I done the problem and was wondering if my answer is right I got 1.87 and then 12.4 degrees above x axis please help
At time t = 0 s, a puck is sliding on a horizontal table with a velocity 4.60 m/s, 32.0° above the +x axis. As the puck slides, a constant acceleration acts on it that has the following components: ax = –0.340 m/s2 and ay = –0.940 m/s2. What is the velocity of the puck at time t = 2.00 s?
To find the velocity of the puck at time t = 2.00 s, we need to use the equations of motion. The velocity of an object can be calculated using the formula:
v = u + at
Where:
v = the final velocity
u = the initial velocity
a = acceleration
t = time
In this problem, we are given:
u = 4.60 m/s (initial velocity)
ax = -0.340 m/s^2 (acceleration in the x-direction)

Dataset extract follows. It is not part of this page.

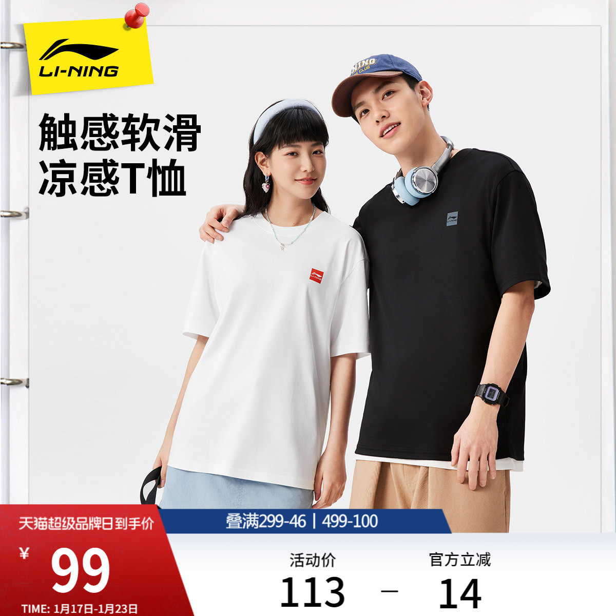 李宁短袖男士夏季官方半袖简约情侣装黑色体恤纯棉白色运动T恤女

ay = -0.940 m/s^2 (acceleration in the y-direction)
t = 2.00 s (time)
To calculate the final velocity in the x-direction (vx), we need to consider the constant acceleration acting in the x-direction:
vx = ux + axt
Substituting the given values:
vx = 4.60 m/s + (-0.340 m/s^2) * 2.00 s
vx = 4.60 m/s - 0.68 m/s
vx = 3.92 m/s
To calculate the final velocity in the y-direction (vy), we also need to consider the constant acceleration acting in the y-direction:
vy = uy + ayt
Substituting the given values:
vy = 0 m/s + (-0.940 m/s^2) * 2.00 s
vy = 0 m/s - 1.88 m/s
vy = -1.88 m/s
Now, we can calculate the magnitude and direction of the final velocity using the Pythagorean theorem:
v = sqrt(vx^2 + vy^2)
v = sqrt(3.92 m/s)^2 + (-1.88 m/s)^2
v = sqrt(15.36 m^2/s^2 + 3.53 m^2/s^2)
v = sqrt(18.89 m^2/s^2)
v ≈ 4.35 m/s
To find the angle above the x-axis, we can use the inverse tangent function:
θ = atan(vy / vx)
θ = atan(-1.88 m/s / 3.92 m/s)
θ ≈ -26.5°
However, since the initial velocity was given as 32.0° above the +x axis, we need to add this angle to the angle we calculated:
θ = -26.5° + 32.0°
θ ≈ 5.5°
Therefore, the velocity of the puck at time t = 2.00 s is approximately 4.35 m/s, 5.5° above the +x axis.